Dave is currently in the home office working, which he has done since March. I often try to work in the office too. During the day, the office has always been my sacred space. Between Dave’s Zoom calls and his super loud meeting voice, with my laptop in hand, I find myself quickly exiting, sitting at various tables around the house. Sometimes we fight about this office space. One week I even cried. I was like, 

“Dude, everything was great until you started working from home.”

Then I felt mean.  

Disrupted. That is what we are. 

Before this all happened to all of us, what were your plans? What were your days like?

Dave left early each morning. I spent the day quietly working. I saw friends for lunch or long walks. This was supposed to be our empty-nest-year. A year ago, Eli was a high school senior. I was feeling all the feels and was not sure I was ready for my boys to fly away. I cried a lot and could not believe my babies were grown. As a way to circumvent our empty-nest sorrow, Dave and I schemed how we would spend the frequent flyer miles we’ve been hoarding into an expansive, around-the-world trip. I finally made it to Platinum status, something I thought I would personally never be able to do. We would leave right after dropping off Eli. We would fly to Europe, South Africa and back to Europe. By mid-October, we would meet up with Kyle at NYU’s Abu Dhabi campus. Then Dave and I would head to Singapore, Thailand, Vietnam, Australia, Japan and head on home. Dave would work remote. So would I. We were excited. I fantasized about all the national parks, little towns and villages we would explore all around the world. I imagined the different grocery stores and interesting people we would meet. Dave and I would be home in time to meet Eli as he finished his NOLS semester. I could not wait.

Even though I pride myself in my extreme budget travel ability to stretch points miles and grocery store purchases, including the Adams’-Family-preferred, 3-Euro meal, it is not lost on me how decadent our scheme was. 

Then sometime last week, on one of our daily walks, I blurted,

“Dave, you have your thing. Right now you are converting our 20 year old 4Runner into an off road camping machine. You always find a project to distract you. It is January and the grey skies are bringing me down. I want a thing. Instead, I feel like I am treading water and am not sure how to put my feet on the ground.”

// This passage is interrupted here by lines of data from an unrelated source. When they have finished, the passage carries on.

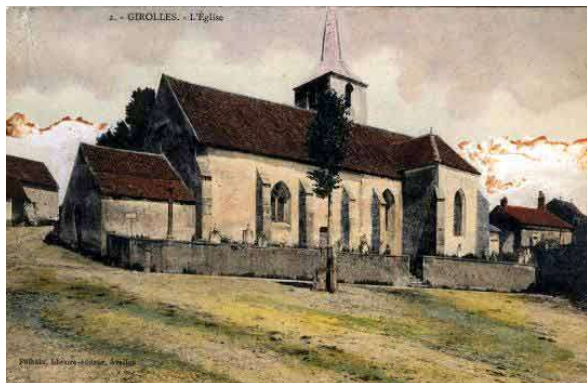
Eglise début du 20 ème siècle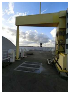
Besichtigungsweg im Außenbereich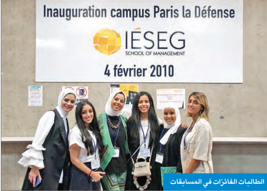
الطالبات الفائزات في المسابقات

المؤتمر شمل مشاركة جامعات مختلفة من 60 دولة قدمت 400 ورقة بحثية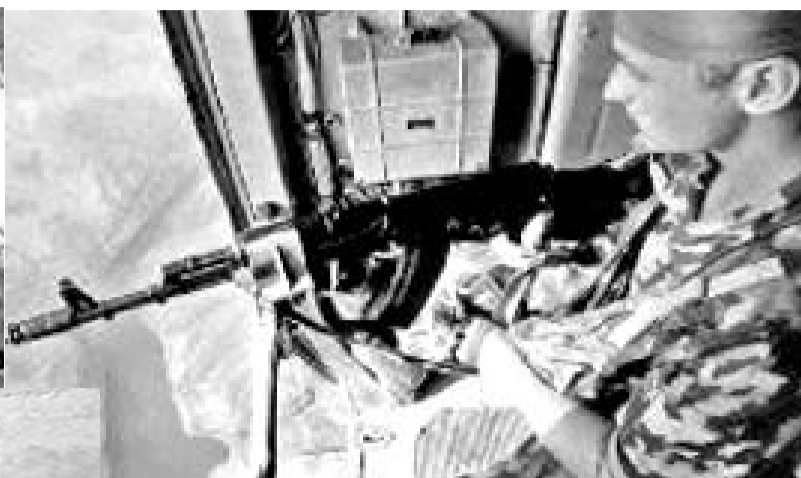
«Вольво». Тот в ответ пообщался сдвигавшимся добровольно-наемным батальоном «Белые колготки», и сепаратисты решили осуществить расчет по-своему — с каждой распытывавшей пулей.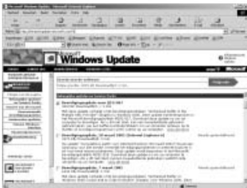
AFBEELDING 2.5 Overzicht van geïnstalleerde updates.

In de browser verschijnt een overzicht van de geïnstalleerde updates, inclusief de datum van uitgifte en de installatiedatum. Tevens worden de precieze versienummers getoond.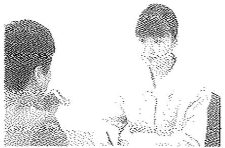
相談窓口の充実を図ります

○「地域連携少額対応資金」 少額な借入資金を、地域金融機関と連携し、手続きの簡素化・審査期間の短縮・第三者保証人が不要な利用しやすい融資で支援。 ○「ものづくり支援資金」 中小製造業のものづくりの活性化を支援。 ○「IT化対応ビル整備支援」 業務機能の集積促進を図るため、業務ビルのIT化対応の整備を支援。 【お問い合わせ先】経済局 経営金融課 電話 045(671)29602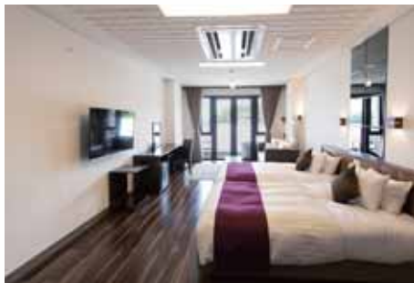
ツインデラックス 客室露天風呂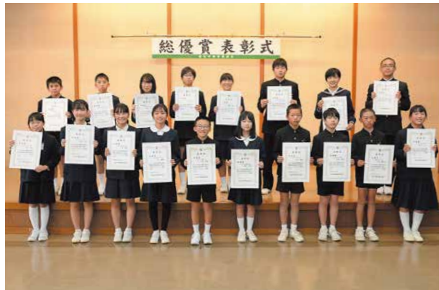
表彰された市内小中学校の児童生徒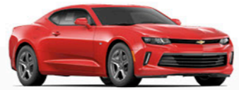
אדום לוחט (G7C)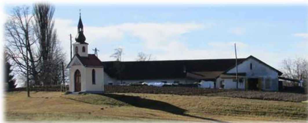
Slika 66: Kmetija pri Gečevih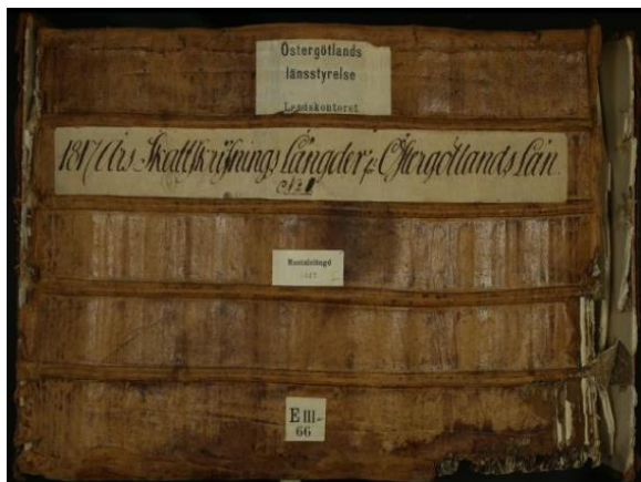
Mantalslängder för Östergötlands län 1817.

Kyrkböcker är ett centralt material för alla släktforskare men viktiga kompletterande uppgifter kan finnas i bland annat mantalslängderna. För den som bedriver forskning kring gårdar och socknar är mantalslängderna en helt outhärlig källa. De sträcker sig också vanligen längre bak i tiden än kyrkböckerna.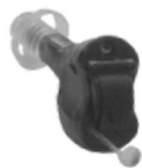
109/40 Latitude 16 Fuse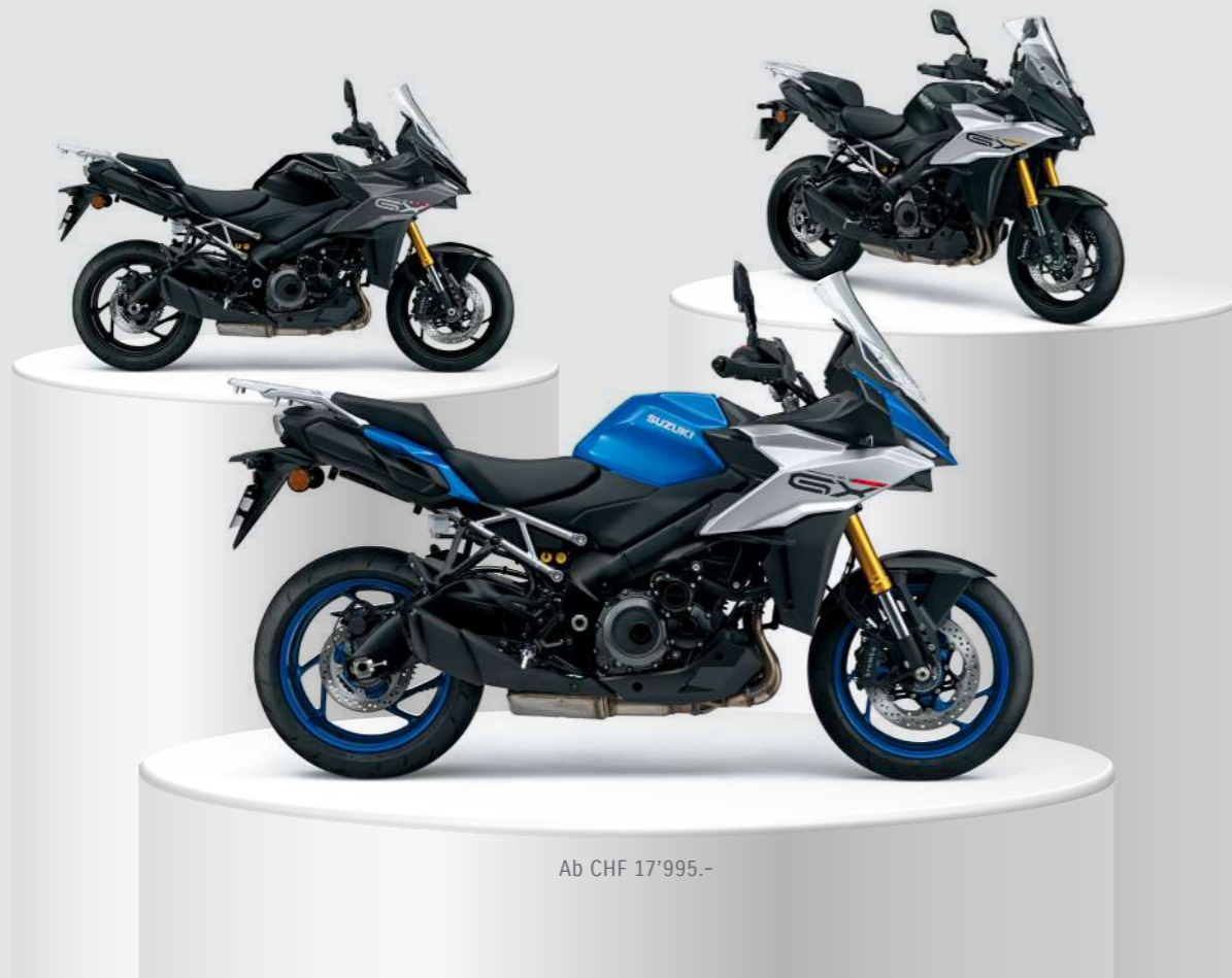
Ab CHF 17'995.-

Ride-by-Wire ✦ Low-RPM Assist System ✦ Easy Start System ✦ Quickshifter mit Blipper Funktion ✦ Smart Cruise Control ✦ Traktionskontrolle ✦ Suzuki Drive Mode ✦ Selector Alpha (SDMS-a) ✦ Kurven-ABS ✦ Hill Hold Control System ✦ Slope Dependent Control System ✦ Load Dependent Control System ✦ TFT Farbdisplay Connectivity Suzuki mySpin ✦ USB-Steckdose ✦ SUZUKI Road Adaptive Stabilization (SRAS) ✦ Automatic Rear Suspension Modes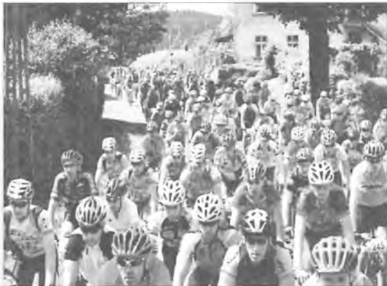
Peleton po starcie w Przesiecu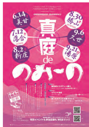
令和7年に開催された「第16回のみ〜の」のポスター

こには地域振興という言葉に収まらない、お互いを認め合い、地域も世代も関係なく関わり合っていく「共生社会」の姿があります。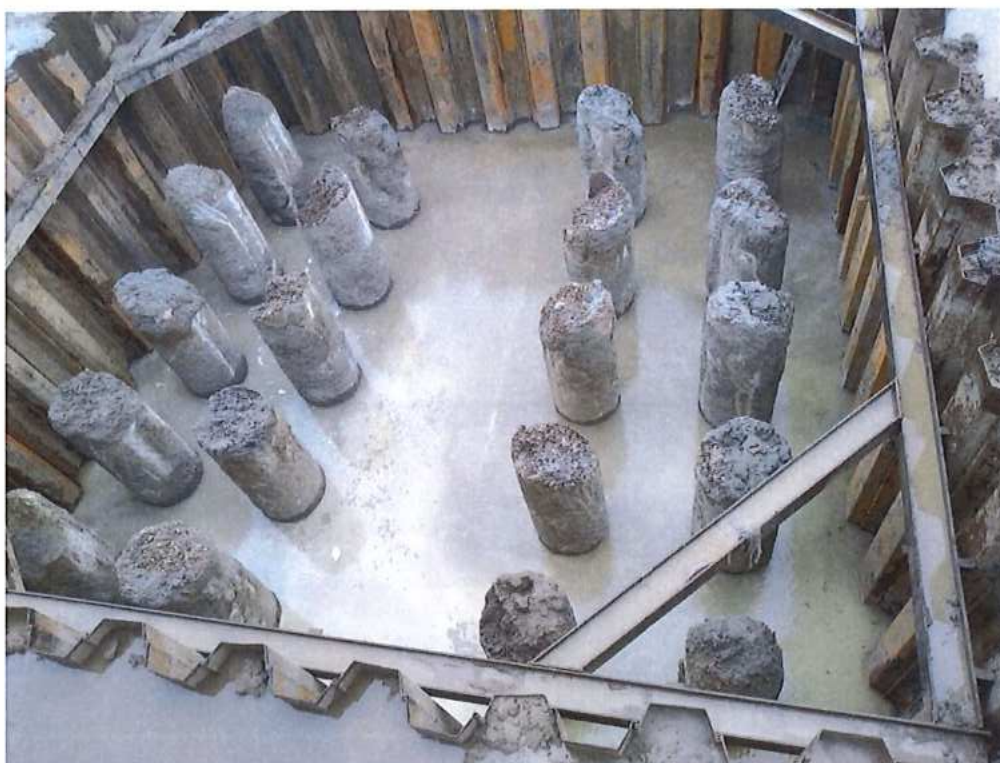
Podkladný betón základu piliera P2 CZ strana SO 12-33-04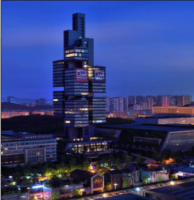
贵阳生态会展中心201大厦，又称不规则大厦。十个办公单元悬挂在离地面36米的空中，让人不得不佩服设计师的脑洞，又一个“疯了”的建筑！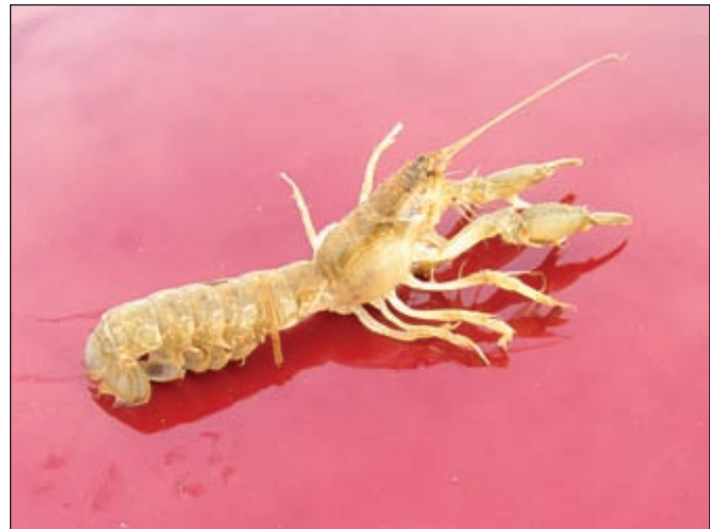
Gambor je rak kojega ribe naprosto obožavaju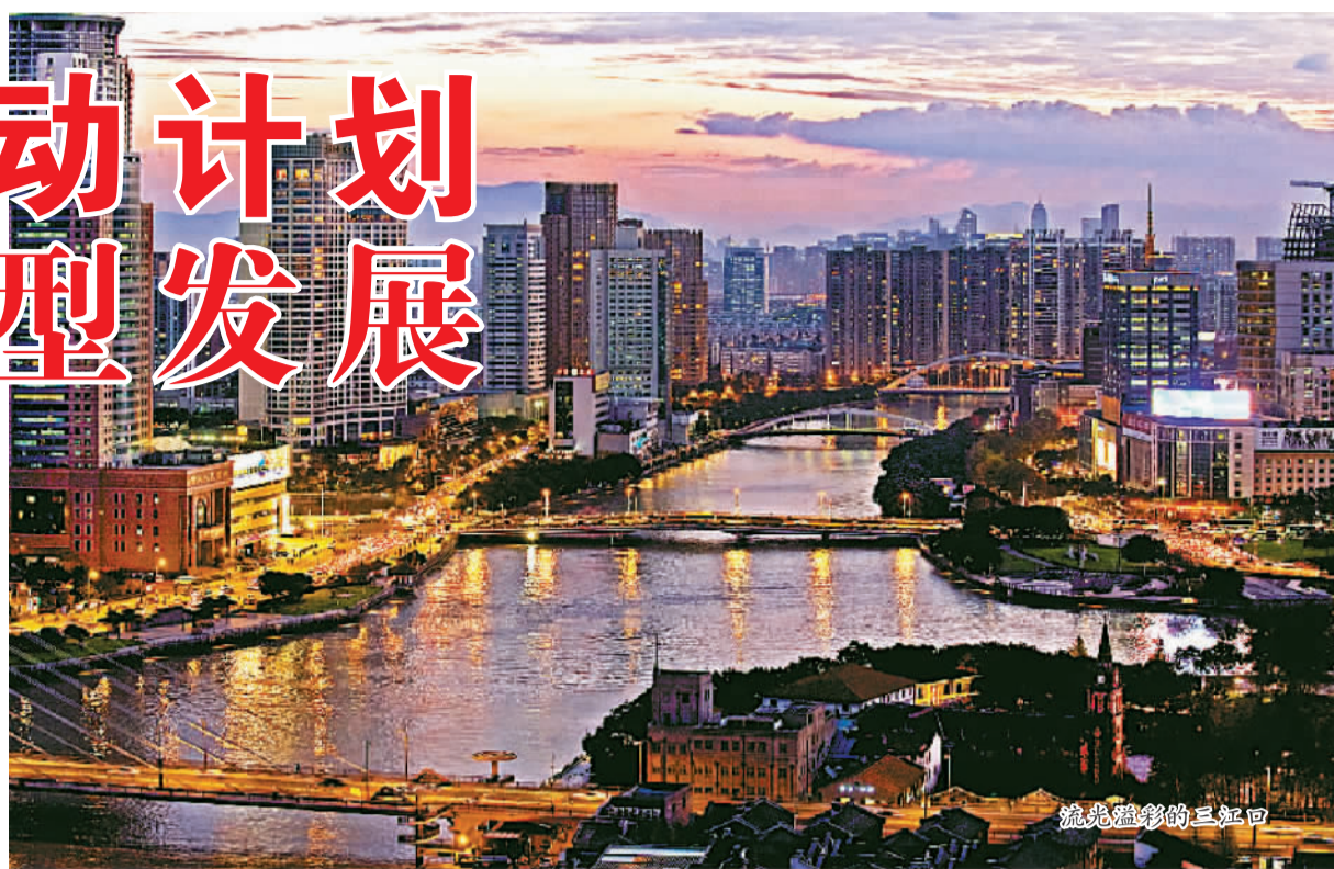
流光溢彩的三江口

为全面落实“双驱动”“四治理”决策部署，宁波市委、市政府今年启动实施经济社会转型发展三年行动计划，通过一批大项目、好项目的建设促转型、带发展。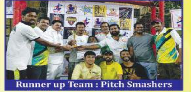
Runner up Team : Pitch Smashers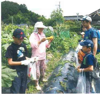
第6回わくわくキャンプ 7月18日(土)~7月19日(日)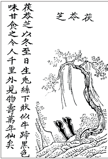
Figure 7 Pachyma cocos ( fuling , DZ 1406, p. 21b)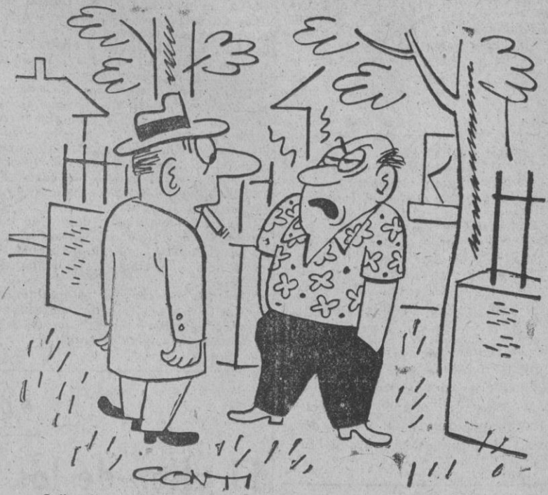
—¡Calla, hombre! ¡Desde que mi mujer vio los últimos modelos masculinos me tengo que poner sus blusas viejas!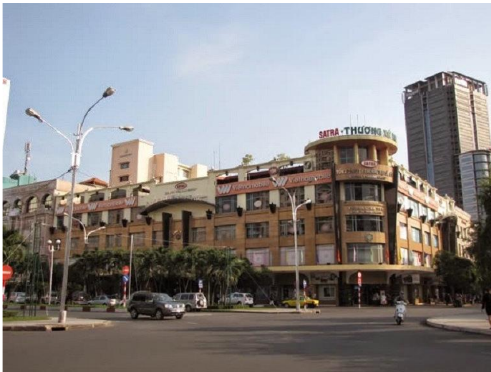
Thương xá Tax.

Đèn đuốc vẫn thấp sáng choang, chiếc thang máy cuốn vẫn lặng lẽ chạy không một bóng người. Nó mang một vẻ gì như người ta vẫn lặng lẽ theo sau một đám tang. Trong quây hàng đầu tiên, điều khiến tôi chú ý là hàng chữ nổi bật hàng đại hạ giá (Big Sale) tới 70% đỏ loét chạy dài theo quây hàng và hàng chữ “Tạm biệt thương xá Tax”.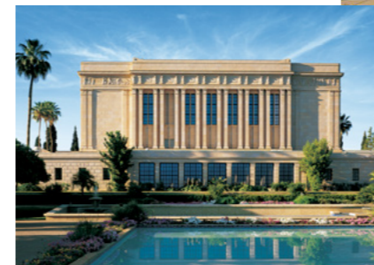
Храм в Месе, штат Аризона, США

1997 год: Президент Гордон Б. Хинкли объявил о проекте строительства небольших храмов. В 1998 году он объявил о своем намерении к 2000 году довести общее число действующих храмов до ста.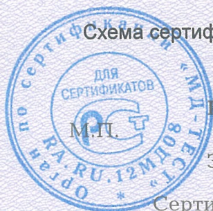
Схема сертификации 2.

Протокола проверки результатов услуг № 190419 от 14.09.2019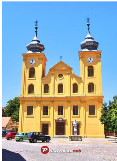
Slika 12. Župna crkva svetog Mihaela Arkandela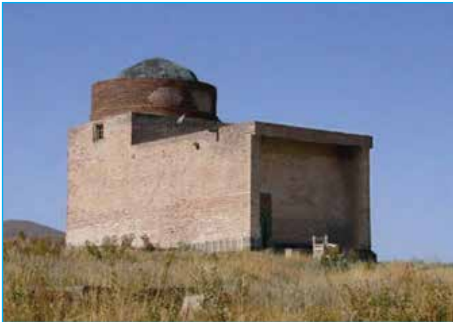
شکل ۱۲-۶- مقبره شیخ اسحاق هریس - دوره صفوی ۹۹۰ هـ.ق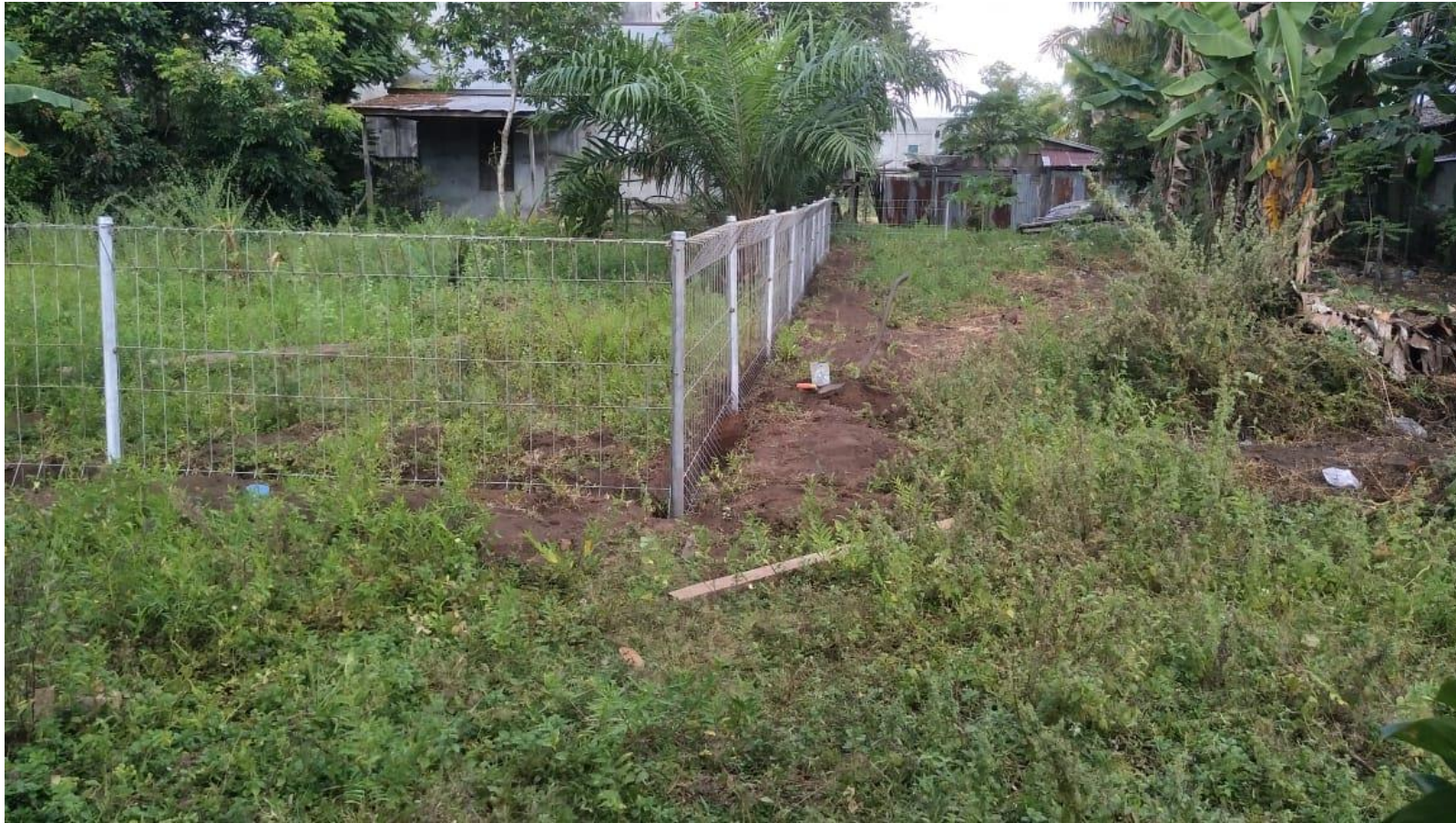
Foto 3. Pagar BRC Pada Sisi Barat Daya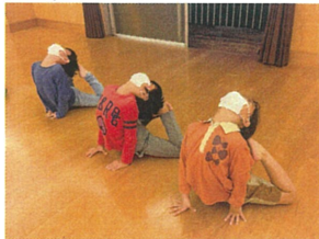
とても綺麗な アサラミポーズ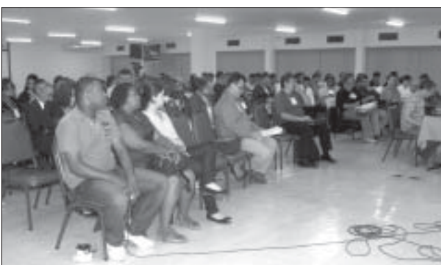
O interesse e a motivação dos participantes, com a atenção voltada para o tema do EntreLíderes mostrou a relevância e a seriedade da sua proposta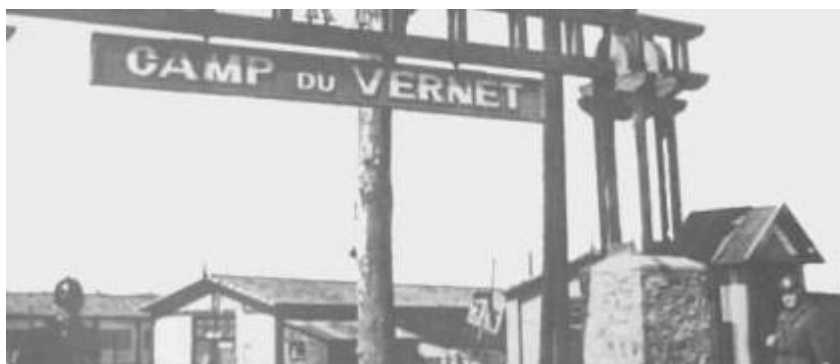
Entrada del camp Le Vernet.

El primer centre d'acollida de refugiats va ser decretat el 21 de gener de 1939; va ser a Rieucros en uns turons boscosos vora l'antic seminari de Mende, al departament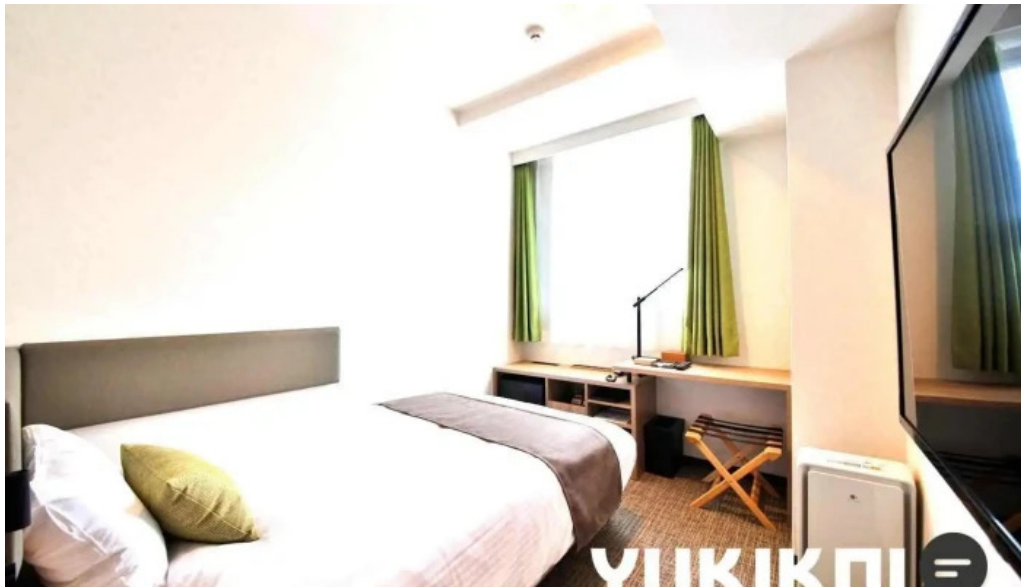
レンブラントスタイル御殿場驛門 客室

We were quiet and kept on walking. 

As we walked, my thoughts percolated to the surface.

“Wait. Before this stupid pandemic, I did have a thing. We travel. I also used travel to pull me out of my winter blues. When January came around, instead of feeling depressed, I would distract myself by planning our next adventure. I think I need to find something else.”

I feel this loss. I really miss traveling. I miss it so much that even when Dave suggests we can safely camp in Utah, I snap at him. I tell him I feel like I am settling, that I feel resentment. I  definitely feel discombobulated. I write about feeling discombobulated. I am sure I have written some of this before. I feel repetitive. I feel boring. I feel bored. I am working to find a way through (obviously). I hope you are too. 

Thank goodness for perspective. I also recognize that if we were not living through a global pandemic, I would never have this extra time with my boys, or actually take the time to go camping — in Utah. I am grateful. I admire Kyle and Eli’s strength. I know it has not been easy having life ripped apart. I know my privileged-world sorrow pales with the significant disruption that so many are experiencing. Over this past year, I have seen friends lose jobs and lose loved ones. I know others who have dealt with devastating cancer diagnoses and sudden deaths, events that would throw anyone off their axis, even in non-pandemic times. I have a friend who was paralyzed from the armpits down this past July. He was working on staining his house while working from home. He fell 35 feet and landed on his head. He is alone in his ICU hospital bed and hoping one day soon he can move on to rehabilitation. I feel very sad for him. 

I feel greedy again for feeling as lost as I do. Like a wave, my feelings move. At the end of these particular words, I realize that ultimately I feel grateful. I feel grateful that I am surrounded by the people that I love, even if I think they talk too loud on Zoom calls.